Yaşadığı dönemin felsefi bakış açısından tamamen farklı olan ve bu nedenle de kısa süre zarfında felsefe çevrelerinin dikkatini çeken Wilhelm Nietzsche, insan akılcılığını esas alan felsefi düşünceler geliştirmiştir. Tanrı’nın uzun süre öldüğünü iddia eden Nietzsche, insanoğlunun yaşamında dünya denen bu yalnız gezegen kadar tek başına kaldığını söylemiştir. Nietzsche’e göre insanoğlu artık Tanrı’dan bir şeyler istemek ve yüce bir gücün kendilerine vereceği büyük nimetlerin hayalini kurmayı bir kenara bırakmalıdır. Bu nedenle insanların dünya yaşamına odaklanmasını ve Tanrı’dan bekledikleri istekleri bizzat kendilerinin gerçekleştirmeye çalışmasını dile getirmiştir. Bu durumun Nietzsche tarafından “düşünce ile yaşam arasında bağlantı kurma” olarak da ifade edilir.
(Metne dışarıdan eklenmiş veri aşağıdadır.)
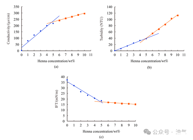 图1.(a)电导率、(b)浊度和(c)界面张力随指甲花溶液浓度的变化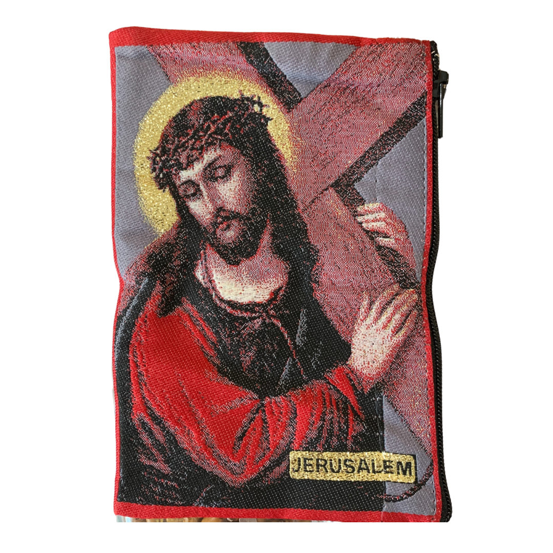 This Sacred Heart of Jesus pouch is perfect for holding prayer cards, rosaries, and other small devotional items. It fits well in a purse or can be used as a small handheld wallet. It bears the image of Our Lord with His Sacred Heart on a gold background.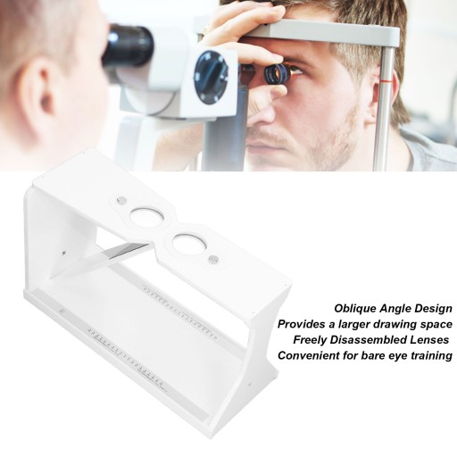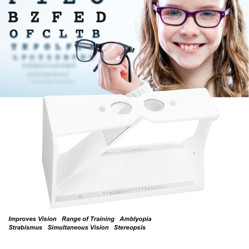 - Cel: Rozdziela pole widzenia po obu stronach za pomocą pryzmatu, na pryzmacie zamocowane jest płaskie lustro odbijające. Oko dominujące patrzy na uchwycony cel wizualny lub obraz wizualny umieszczony na płycie bocznej, odbijając się od zwierciadła płaskiego. Sygnał jest przesyłany do drugiego oka (tj. oka niedowidzącego zwróconego w stronę bezpośredniego otworu) przez mózg i jest rzutowany na dolną płytkę. Następnie na dolnej płycie ćwiczy się łapanie, rysowanie i łączenie obrazów, aby poprawić widzenie, wyeliminować tłumienie i ustalić jednoczesne widzenie i stereopsję u pacjentów z niedowidzeniem lub zezem, co daje dobre efekty.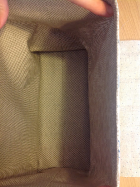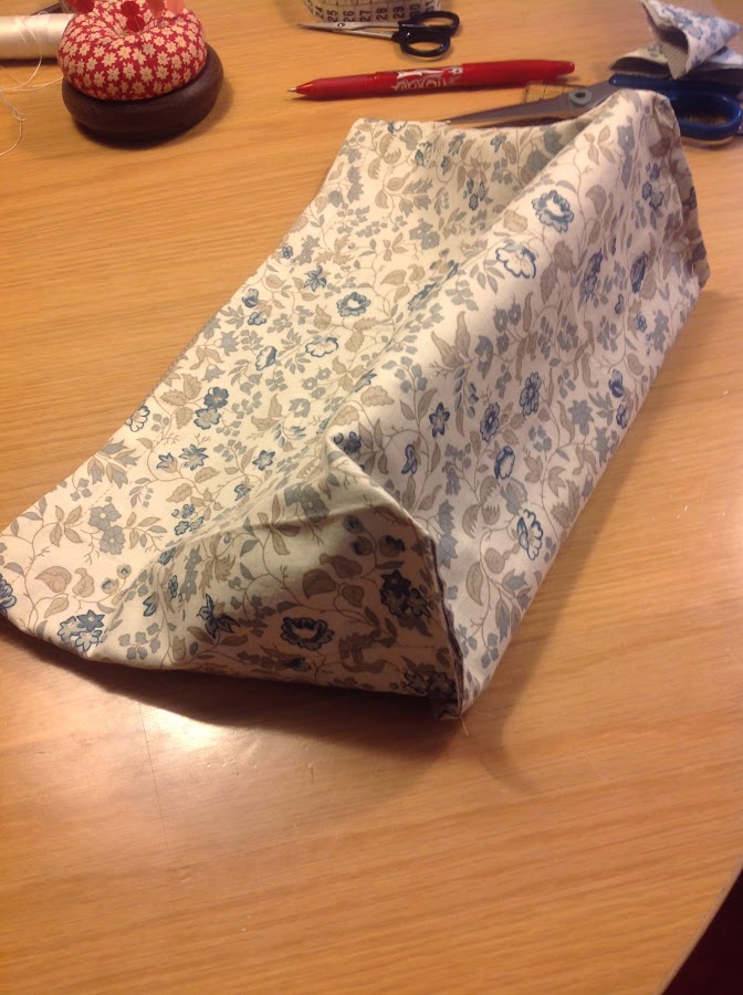 Empezamos haciendo la bolsa del interior: doblar por la mitad la tela de 35cm x 50cm y coser los laterales dejando a 1cm del borde superior un centímetro sin coser (en la foto es el hueco por donde entra las tijeras)

Bir başka değişle Nietzsche, egemen insanı gerçekliği kendi başına saptayabilen ve güçlü olmaya doğuştan iradesi olan kişi olarak tanımlamaktadır. Nietzsche insanoğlunun asıl amacının yaşamaya devam etmek değil, daha fazla güç elde ederek konumunu yüceltmek olduğunu düşünmüştür.
Din felsefesinden bilimsel görüşe, çağdaş ve popüler kültürden ahlak felsefesine birçok farklı alanda yazılar yazan ve görüşlerini ifade eden Nietzsche, modern felsefede özellikle postmodernizm ve egzistansiyalizm alanlarında etkili olmuştur. Ahlak felsefesinin temel konularından olan “iyi ve kötü” üzerinde de birçok görüş dile getiren Nietzsche, iyinin ve kötünün “neye ya da kime göre” nitelendirildiği soruna da cevap aramıştır. Tüm değerlerin bir “görecelilik esasına göre” ele alınması gerektiğini savunan Nietzsche, günümüzde “psikolog olan ilk filozof” olarak da tanınmaktadır. Analitik felsefe üzerinde farklı alternatif görüşler de dile getiren Wilhelm Nietzsche, 1900 yılında yaşama veda etmiştir.